Home > Uncategorized > TSA Cuts Yield Understaffing, Long Lines, Calls to Privatize… Sound Familiar?

TSA Cuts Yield Understaffing, Long Lines, Calls to Privatize… Sound Familiar?

This morning I read articles about Oklahoma’s decision to cut over $38 million from public schools, a WA state superintendent suggesting public schools should close in protest to their legislature’s decision to not meet his State’s constitutional mandate to fund schools, and the continuing budget battles in several state legislatures and county districts. The “starve the beast” theory seems to be working in public education the same way Yves Smith described the process in her introduction to an Alternet article in yesterday’s Naked Capitalism blog:

The TSA is a perfect target for privatization, since even at the best of times, it is not well liked. Who wants to be subjected to security theater like taking your shoes off? But this article provides an important overview of how various government functions are made incompetent by cutting their budgets without reducing their duties. That plays into the popular narrative that of course the private sector would be more “efficient” when the evidence is strongly supports the view that private sector contractors treat privatization as an opportunity for looting (contracting in the Iraq War was an extreme case, but there are plent of others, such as privatization of parking meters in Chicago and toll roads).

In the case of public education, its budgets are being cut while its duties and expectations are being increased! And, as endless posts on this blog and even more posts on Diane Ravitch’s blog report looting is continuing apace in public education and especially in the for-profit post-secondary schools where students are encouraged to charge their schooling on credit cards and required to sign agreements stating they cannot participate in class action suits. And in case you haven’t figured it out, here’s the privatization playbook as told to Alternate writer Michale Arria:

Noam Chomsky once described what he considered to be the standard technique of privatization: “defund, make sure things don’t work, people get angry, you hand it over to private capital.” Writing about the fight against TSA unionization in 2011, Mark Ames and Yasha Levine cited Scott Walker’s battle against Wisconsin workers as a valuable insight into how airline fights would go down:

1) Manufacture a fake budget crisis in order to frighten the state’s residents; 2) PR the false-crisis hard enough until it breaks out of the right-wing/libertarian pipeline and into the mainstream media; 3) Blame the fake crisis on a fake villain—“greedy” state employee unions—thereby pitting the public against state workers. That way, when Republicans pass new laws destroying teachers and firefighters unions, they’ll come off as heroes defending the public from greedy unions, rather than as sleazy mercenaries carrying out their corporate sponsors’ dirty work.

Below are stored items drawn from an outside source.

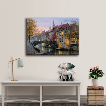 SCENERY CROSS STITCH EMBROIDERY ART – SUNSET GLOW HOUSE & BRIDGE FRAMELESS CANVAS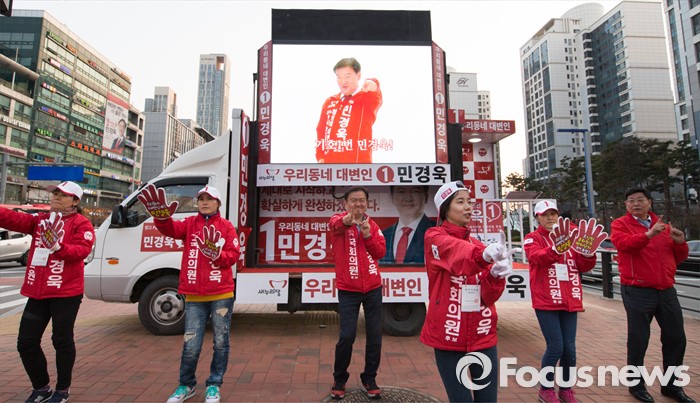 (인천=포커스뉴스) 20대 총선에 출마한 새누리당 민경욱 연수을 후보가 5일 오후 인천 연수구 송도동에서 로고송에 맞춰 선거율동을 선보이고 있다.
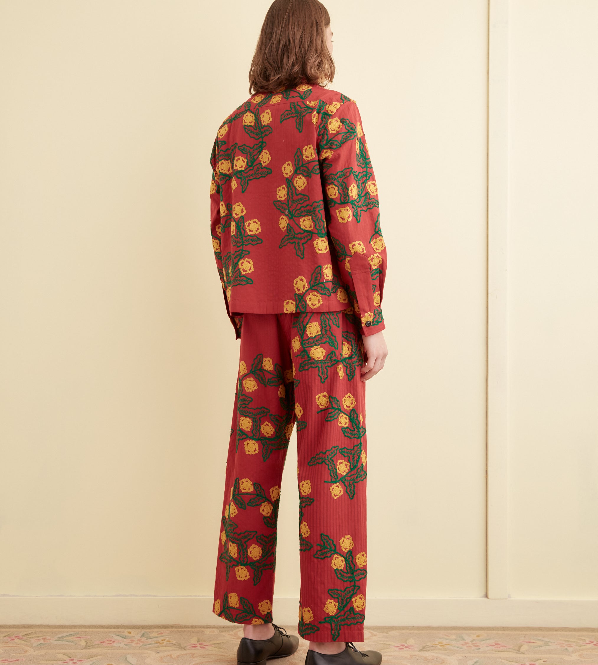 Pantalon rose bonbon en velours de coton à grosses côtes.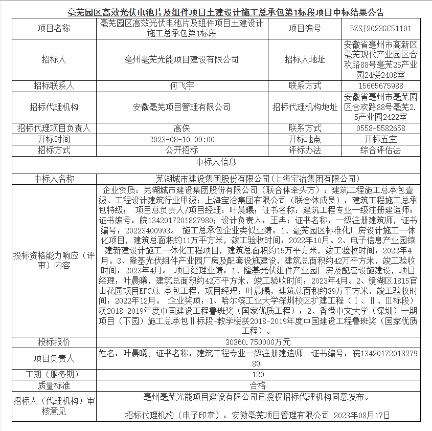 近日,蕪湖城市建設(shè)集團(tuán)股份有限公司緊跟國(guó)家可再生能源發(fā)展方向,以良好的信譽(yù)、雄厚的技術(shù)實(shí)力,加之優(yōu)秀的投標(biāo)方案和合理報(bào)價(jià),中標(biāo)亳蕪園區(qū)高效光伏電池片及組件項(xiàng)目土建設(shè)計(jì)施工總承包工程,中標(biāo)金額約為3億元!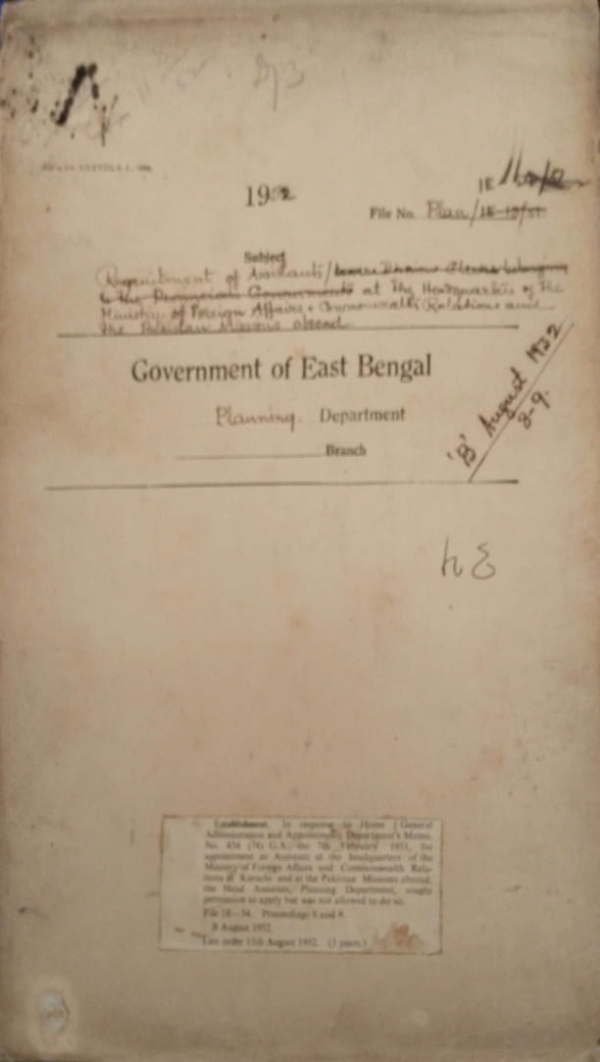 | Rack No. 36, Bundle No. 04, SI No. 228 Review of the working of the Colombo plan. | Rack No. 36, Bundle No. 04, SI No. 229 Requirement of High speed diesel oil during 1951. | Rack No. 36, Bundle No. 04, SI No. 230 Transfer of records and files to Dacca. | Rack No. 36, Bundle No. 05, SI No. 231 Recruitment of assistants/lower division clerksbelonging to the provincial governments at the headquarters of ministry of foreign affairs. | Rack No. 36, Bundle No. 05, SI No. 232 Procedure to the followed in initiating enquiries against government servants. | Rack No. 36, Bundle No. 05, SI No. 233 Recruitment of German Technicians. | Rack No. 36, Bundle No. 05, SI No. 234 Appointment of poof. I.S. Turner as officers on special jute in planning department for preparing a. |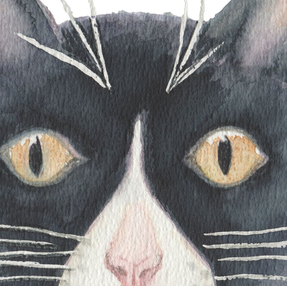 Vrolijk schilderijtje van zwart-witte kat.
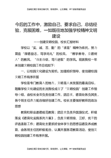 创建文明校园,校长汇报材料:今后的工作中,激励自己,要求自己,总结经验,克服困难,一如既往地加强学校精神文明建设.docx
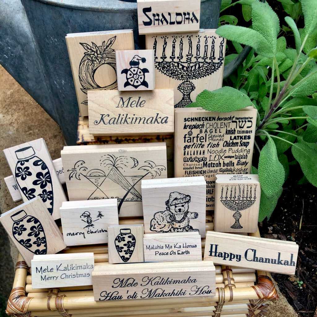 Mele Kalikimaka means Merry Christmas in Hawaiian. Watch out! Perfect for your Holiday cards and decor. Stamp on napkins, table runners,  candy dishes, mirrors, ribbons for centerpieces and so much more.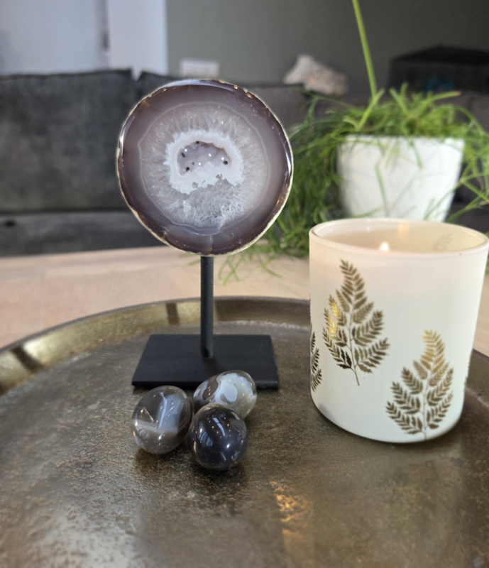 Vooral bij de lichte agaat stenen zoals de agaat op standaard in beige kleur, voel je deze neutraliteit enorm goed.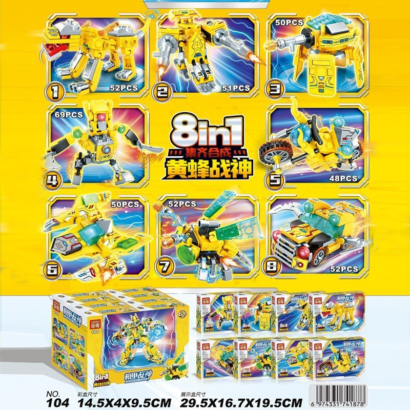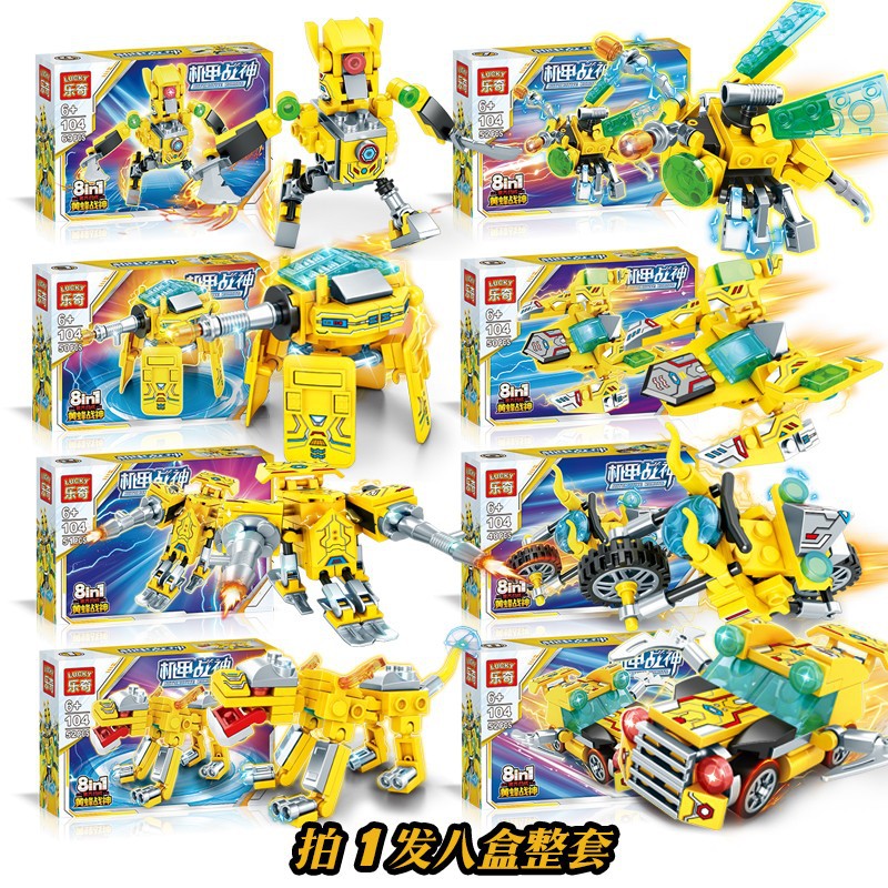 Leqi 104 Wasp Mech Ares 조립 빌딩 블록 8-in-1 로봇 모델 소년 조립 장난감 선물스토어 가기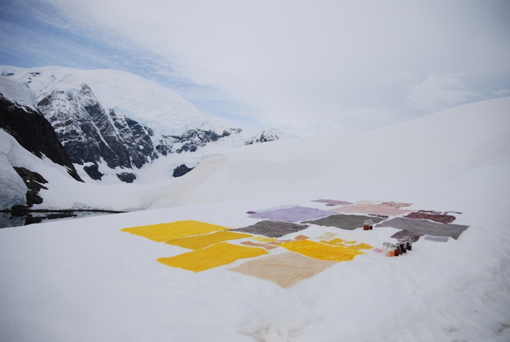 日本の両作家と並んで手仕事的な要素を持つ作品《抽象的地質学》を制作したのが、モロッコ出身のイト・バラダである。陽気なバラダは、船内の食堂で皆のテーブルを回っては、オレンジの皮や紅茶パックを集め、船底の部屋にこもって「魔女みたいでしょう」と冗談を言いながら、食材を入れた鍋で布を染めていた。そして、染め上がった色とりどりの布を、絶景で知られるパラダイス湾に面した南極半島の雪上に配置。「モンドリアンやロシア・アヴァンギャルドを思わせる」と私が言うと、バラダは「そうなの! ロシア人がたくさん乗っているから、ロシア・アヴァンギャルドを引用したの。美術史、染色の伝統、食事という人間の営みが溶けあっているのよ」と朗らかに語った。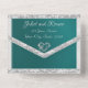 This romantic design features a teal background with ribbon & glitter borders, a delicate silver scroll heart, script in elegant fonts. Perfect for the simple to most elegant wedding. Also available with different colored backgrounds for your wedding theme colors. (Ribbon & glitter are simulated in the artwork). Designed to coordinate with the "Romantic Scroll Hearts & Glitter Wedding" Collection. To change details click «Personalize». To move the text or change the text size, font, or color click «Click to customize further»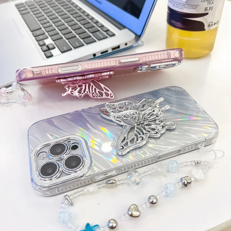 Plating Glitter Lens Film Texture Butterfly Holder Wristband Phone Case, For iPhone 13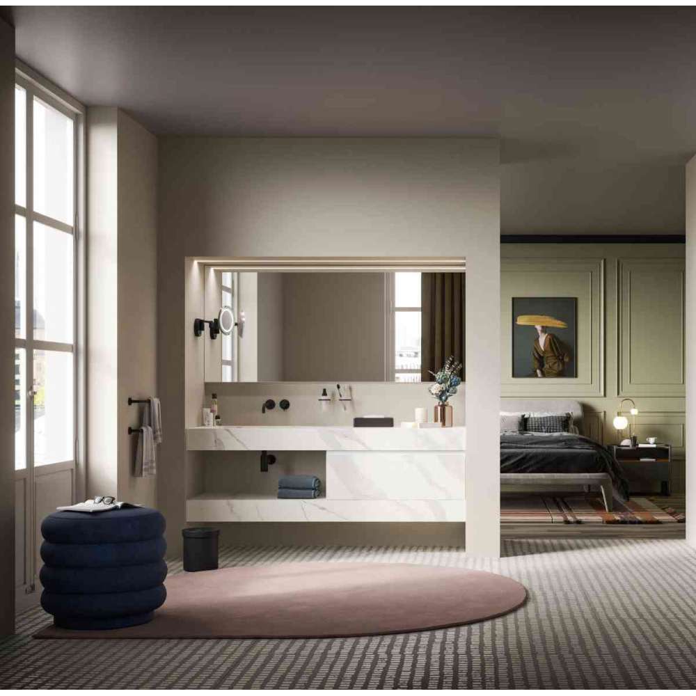 PERFETTO „GROOVE” charakteryzuje się zagłębionym otworem. Cienki profil metalowy, w wersji z anodowanego aluminium, zapewnia przyjemną estetykę górnej krawędzi frontu kabiny, zarówno w wersji z pełnym skrzydłem, jak i w wersji z ramą. Solidne fronty szafek dostępne są w wersji lakierowanej na połysk i mat oraz z drewnianymi lub teksturowanymi detalami dekoracyjnymi. Fronty szafek na ramkach aluminiowych satynowych (standard) lub aluminiowych białych lub czarnych (opcjonalnie) można łączyć w tej samej szafce lub uzupełniać inne szafki o pełnych skrzydłach. Centralne panele są oferowane ze szkła, HPL lub KAMIONKI PORCELANOWEJ, aby pasowały do blatu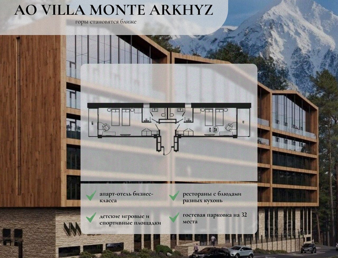 Высокодоходный апарт-отель в сердце Архыза. Отель - наполненный технологиями, с высоким уровнем комфорта и сервиса. Каждый номер — это готовый к сдаче актив под управлением, гарантированно приносящий стабильный доход с минимальным риском. VILLA MONTE — апарт-отель бизнес-класса, где каждая деталь продумана для удобства гостей. VILLA MONTE предлагает высокое качество строительства, использование современных материалов и технологий, а также продуманную планировку апартаментов. Апартаменты, которые подойдут для удовлетворения различных потребностей и предпочтений. Компактность и уют создают особую атмосферу спокойствия. До шести этажей. Такое решение обеспечивает комфорт и безопасность, позволяя жителям наслаждаться видом из окна и свежим воздухом. Для гостей предусмотрена гостевая парковка на 32 места. На территории комплекса будут организованы детские игровые и спортивные площадки. Также будет проведено озеленение. Социальные объекты на территории и поблизости: - рестораны с блюдами разных кухонь; - спа-салон; - магазин с необходимыми товарами для повседневной жизни. Все эти объекты находятся в шаговой доступности от дома. Дополнительные особенности: - инфраструктура для хранения и проката спортивного инвентаря; - система "умный дом" в квартирах позволяет управлять освещением, температурой и безопасностью на расстоянии.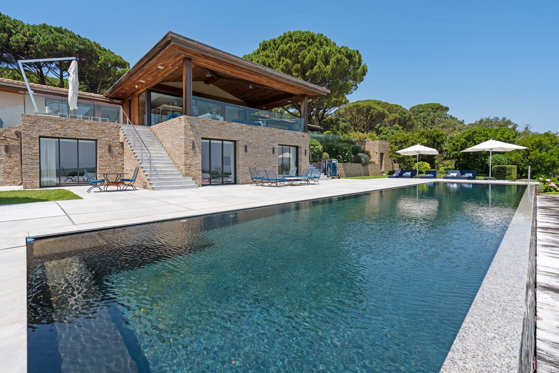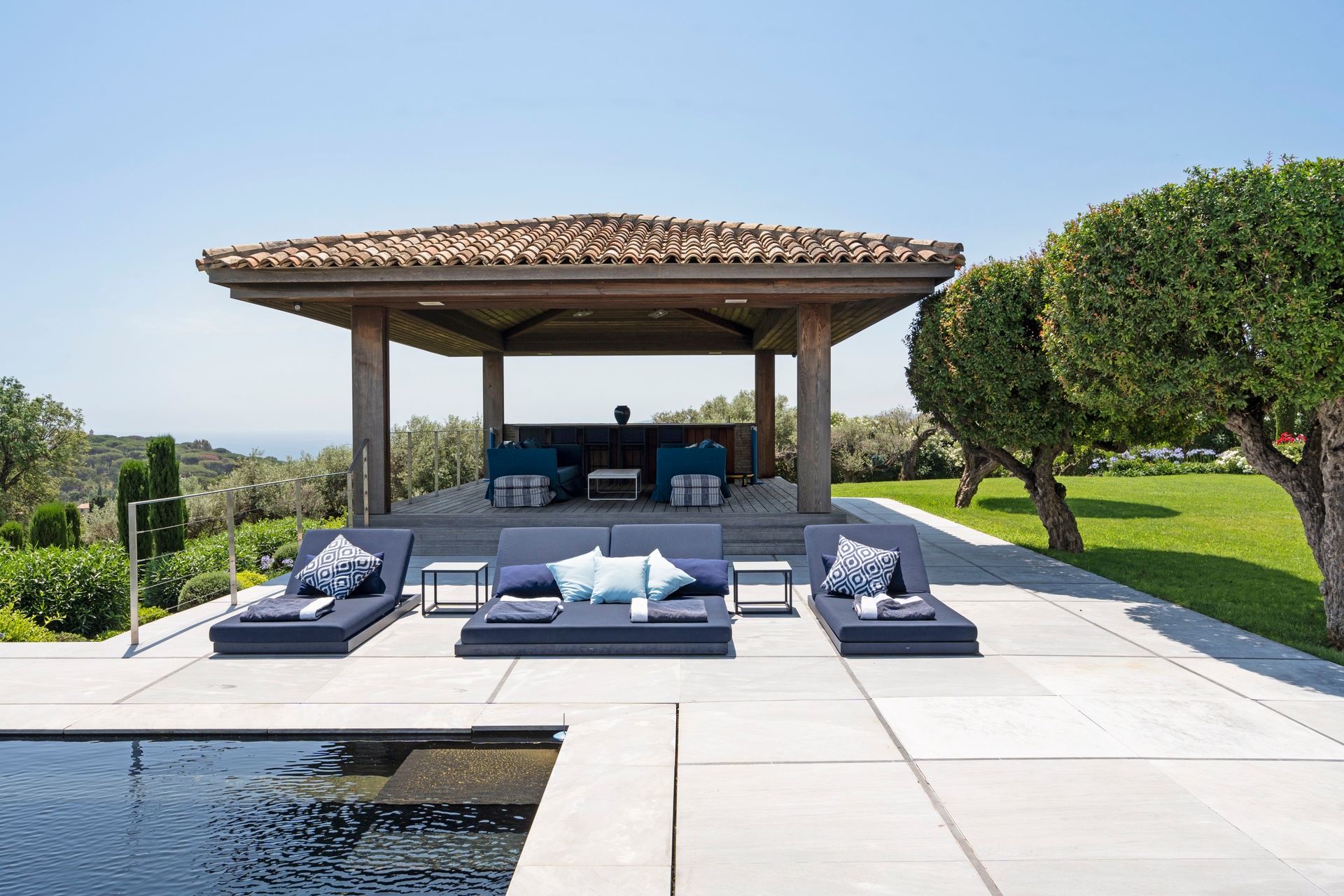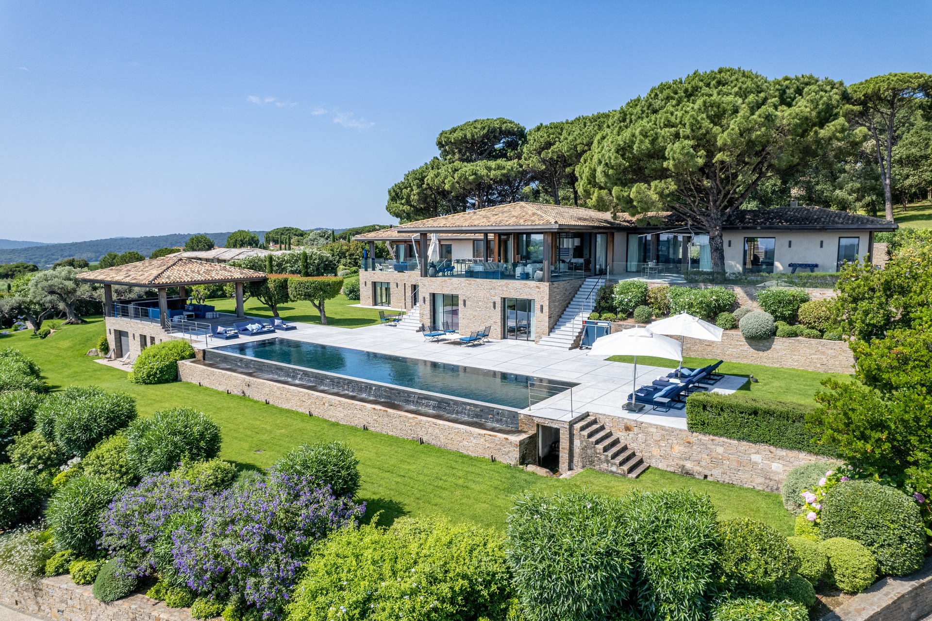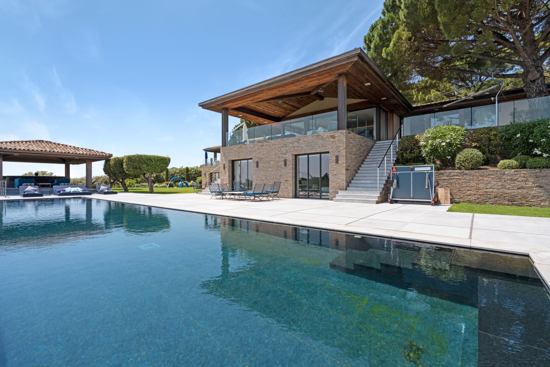 You can also relax in the sunshine by the heated swimming pool, surrounded by sunbathing areas and lounges. Your sunny lunches can take place there, in the pool house with kitchen, bar and lounge. Afternoons may take you to the mythical beaches of Pampelonne in Ramatuelle, but the large landscaped garden planted with umbrella pines and century-old olive trees may convince you to spend your days making the most of Villa Abysse and its unique setting. Young and old alike can enjoy themselves around the ping pong table, in the pool, at the table... Everything is designed to offer you a cocoon of well-being and pleasure.

To many, it seems that’s the blueprint currently at work. On May 26, CNN ran an op-ed California Representative Darrell Issa calling for the privatization of the TSA. Issa wrote that:

“Ultimately, allowing private companies to take over administration of our airports’ security, under the TSA’s guidelines, would unleash the markets’ power of innovation to improve customer service and undo years of bureaucracy that has squandered billions of dollars dedicated to airport security and done much to make traveling more miserable.”

If this playbook sounds familiar, you HAVE been paying attention to the legislators behind the curtain who are doing everything possible to make public education look incompetent while propping up for-profit privatized services that do the job no better but cost less.